Explanation
During the enactment of the Centrifuge Runtime upgrade 1012 we introduced the collator selection pallet.
This pallet implements a custom session manager of the collators allowed to produce blocks in the parachain.
Since we needed to copy the static validators from the session to the collator selection invulnerable list, we needed to run a migration.
Unfortunately there was an issue with the migration trigger. The code was meant to execute only against a specific version of the runtime, and we accidentally didn’t update that target value according to the new runtime version so the migration code never executed.

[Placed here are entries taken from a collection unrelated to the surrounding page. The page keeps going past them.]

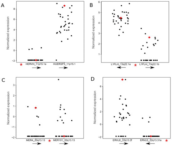 Figure 3. Retroelement expression near HPV integration sites. The normalized expression for the two nearest retroelements to the HPV integration site is shown in plots. (A) HERV-H and HUERSP3, (B) L1Fnl_13q22.1a and L1Fnl_13q22.1b, (C) MER4 and MER101, (D) ERVLE_22q13.31f and ERVLE_22q13.31a. Red dots represent the sample in which HPV is integrated in each case, while black dots depict the remaining samples without HPV integration. Red asterisks in the x-axis of each panel show the location of HPV integration relative to the two closest retroelements. All HPV are integrated in an antisense DNA orientation. Black arrows below each retroelement show their relative DNA orientation.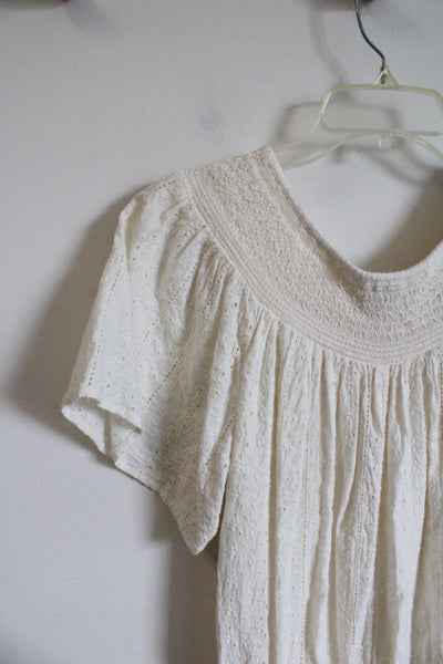 Old Navy Cream Eyelet Wide Neck Dress | M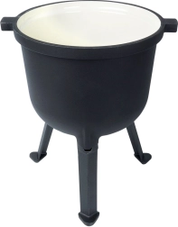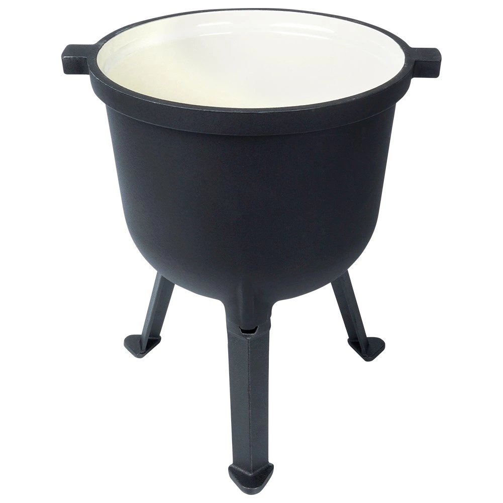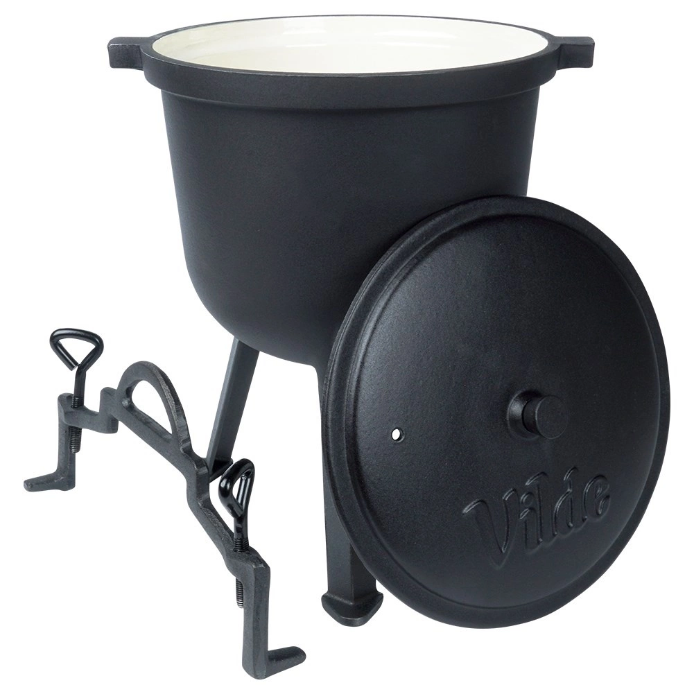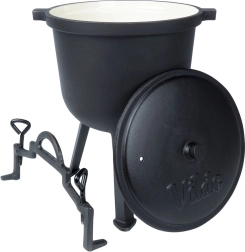 Kociołek VILDE z linii CAST LINE wykonany jest z czarnego żeliwa z gładką, nieporowatą, beżową emalią wewnątrz. Jest ona odporna, niereaktywna i pomaga zapobiegać przypalaniu potraw. Trzy solidne nogi zapewniają stabilność nad paleniskiem, a pokrywka z otworem wentylacyjnym i możliwością dociągnięcia dwoma śrubami utrzymuje ciepło i soki wewnątrz.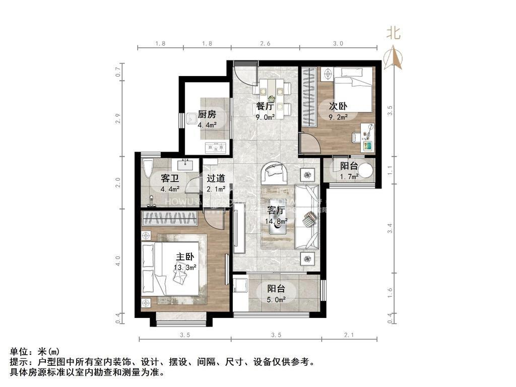 厅室2室2厅1卫1阳台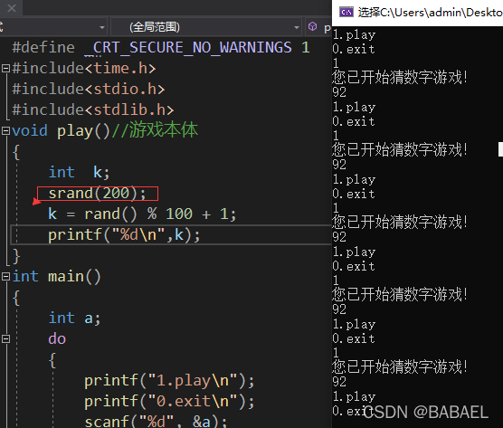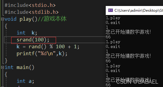 我们便可知:当srand的括号中出现一个值时便会产生一个对应的随机的值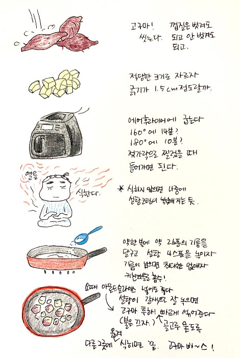 몇 번 하다 보니 감이 왔다. 포인트는 '익힌 고구마를 식힌 뒤 설탕 시럽 코팅!'이 되겠다.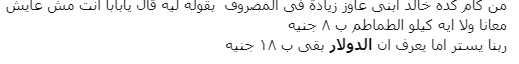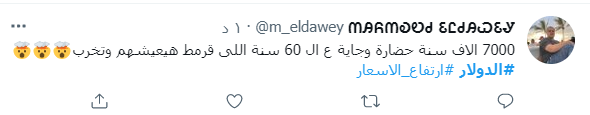 وغرد حساب آخر: بمناسبة أن تويتر كله اتحول لخبراء اقتصاديين وقاعدين يحللوا ارتفاع الدولار وغرق الجنيه، فـ أنا عايز أقول رآيي أنا كمان وأطمنكم يا جماعة بلاش أڤورة، الجنيه ماخسرش غير 15٪ بس من قيمته يعني اللي كان حاله منيل بـ 60 نيلة هيبقى دلوقتي منيل بـ 69 الفرق مش كبير.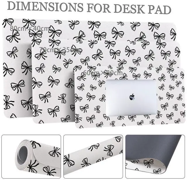 Package included: a 60 x 30 cm ( 23.6 11.8 inch) leather office home desk mat. This mouse pad is large enough to accommodate your laptop, keyboard, mouse and other desk items ^^ This desk pad made of durable PU leather, help prevent your desk from damages such as scratches, stains, spills and heat. And it is easy to clean, just wipe with a wet cloth or tissue ^^ No-slip particle design for back side increase friction resistance with the desktop. Smooth surface allows fast mouse movement while maintaining excellent accuracy and control ^^ This office home desk mat design with exquisite exclusive design patterns, it can decorate your home and office environment ^^ Unique cute kawaii black bow white leather desk mat design, it is a very creative and practical present for friends and family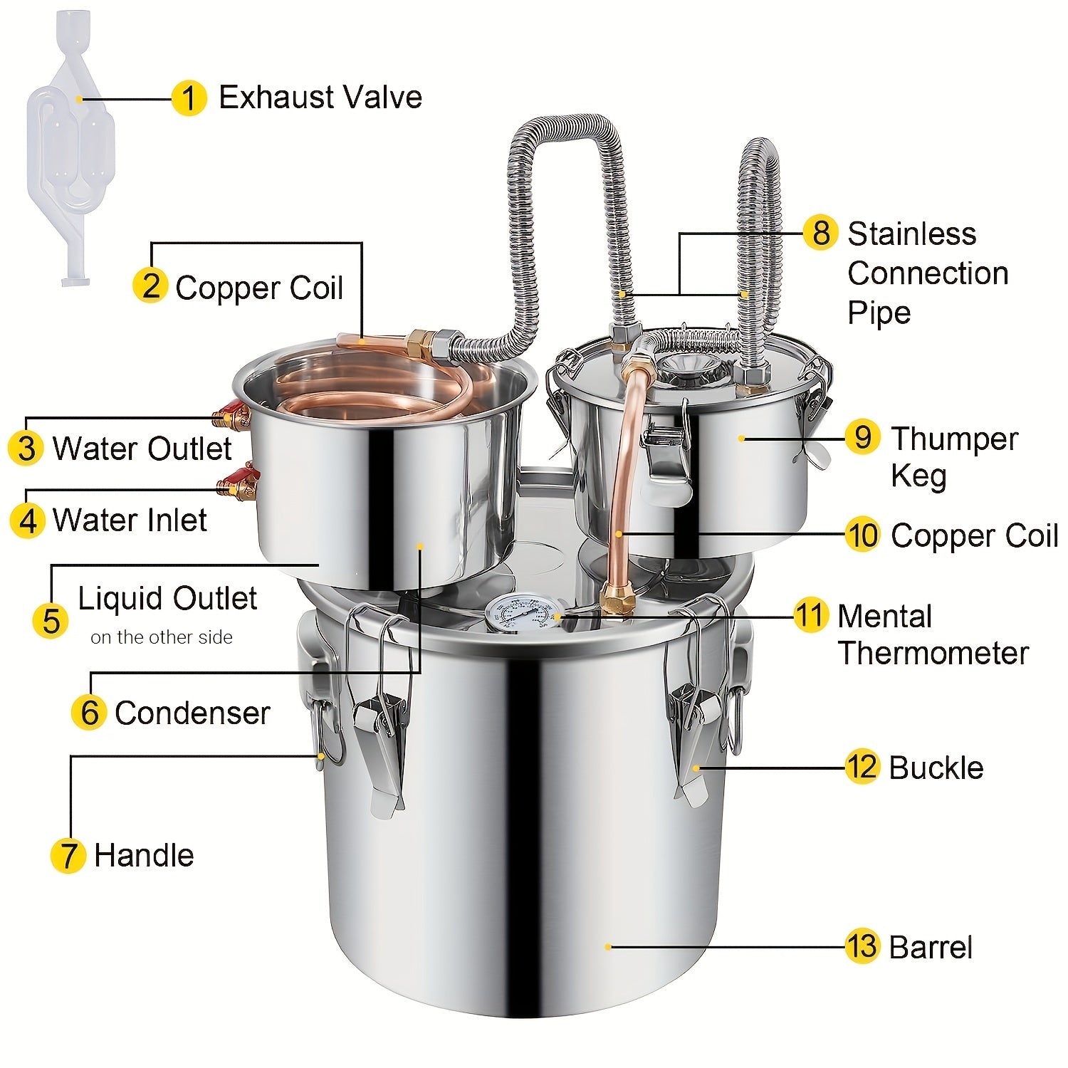 Set, Alcohol Still, 3 Gallon, Stainless Steel Alcohol Distiller With Copper Tube & Build-in Thermometer & Water Pump, Double Thumper Keg Home Brewing Kit, For DIY Whiskey Wine Brandy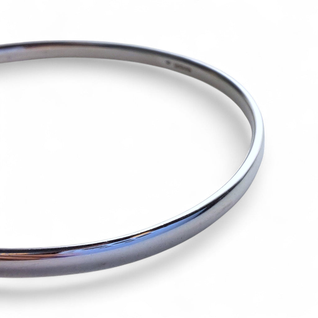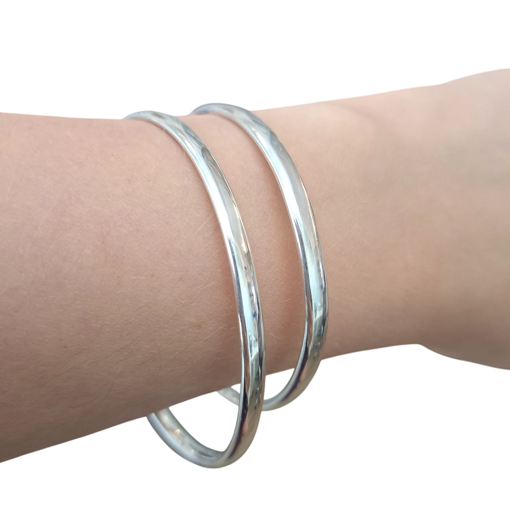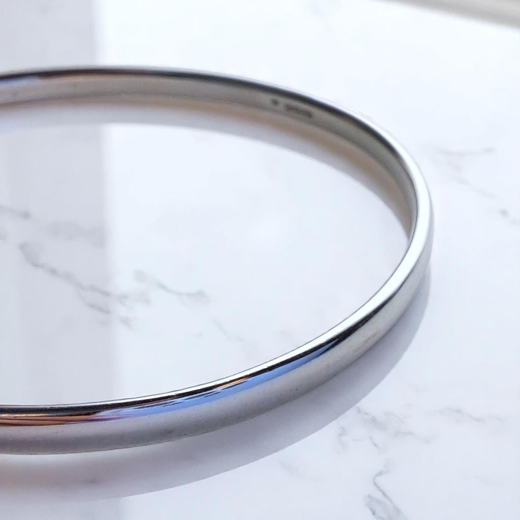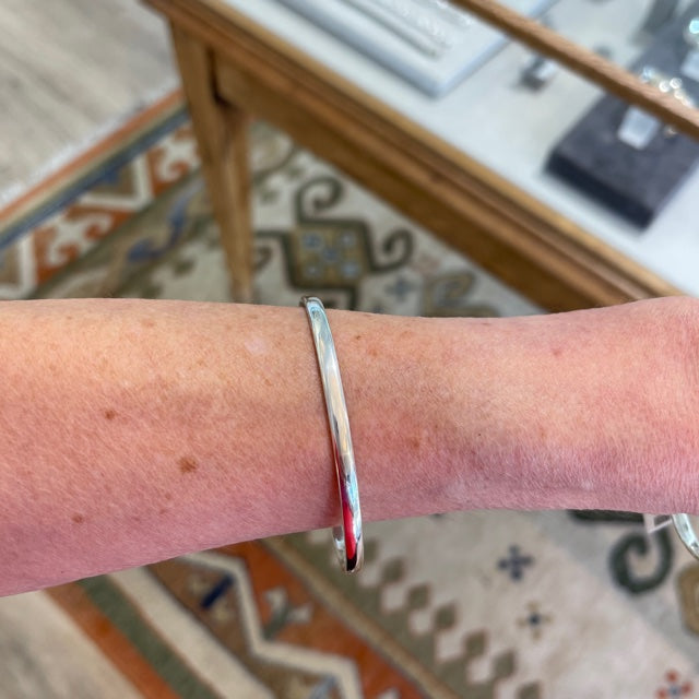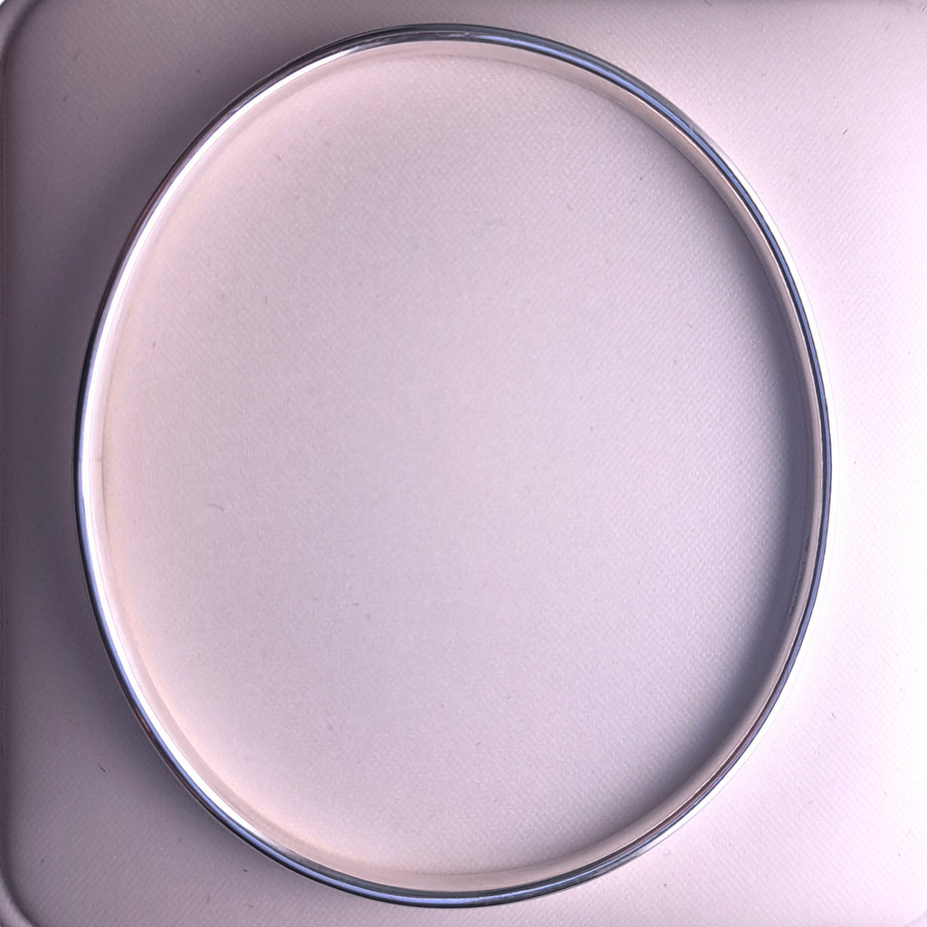 A 4mm oval-wire, solid silver bangle, in a luxurious polished finish. Available in a round or an oval shape.

The impact was that if the list of invulnerables is not populated then in the following session the list of next collators will be empty and therefore not allowing any collator to produce blocks, causing a chain halt.
Fix
At this point we were on a tight deadline of 6 hours (session time) to “manually” propose the changes that the migration would have done before the next sessions starts, and therefore causing the chain block production halt.
Six hours might seem like a lot of time, but we have to substract the fact that for democracy fast track proposals there is a minimum voting period of 3 hours, so whatever code that had to be executed that way needed to go through that flow. This meant that we only had 3 hours to identify the issue, build an action plan and hope that we get enough council votes (across timezones) to move the motion to the public referenda.
There were three council motions proposed, in which two of them had to go through democracy voting:
- Set QueuedKeys raw storage for each active collator: Subscan | Aggregate Substrate ecological network High-precision Web3 explorer
- Collator allow list for each invulnerable: Subscan | Aggregate Substrate ecological network High-precision Web3 explorer
- Set invulnerables: Subscan | Aggregate Substrate ecological network High-precision Web3 explorer
Learnings
- We will standardize how we implement migrations in runtime upgrades across circles, so we do not depend on runtime versions to check if a migration should be run, instead the use storage state.
- We will improve how we verify and test runtimes before they are enacted, by ensuring that there are automated sanity tests the span across multiple sessions
- Due to the current size of the council, it would be interesting to propose a few changes in the council fastrack logic that can ensure that the process is smoother and still secure, for example:
- Reduce the council threshold to 50% for fastrack: This would mean that at least 5 councillors are needed to push forward a motion (instead of the current number of 7). This is as well relevant for issues that happen at a time where there is no overlap across timezones.
- Reduce fastrack to 1-2 hours instead of 3 hours
- Have explicit council channels where it is specified the urgency and priority of the issue at hand
Thank you all for your understanding,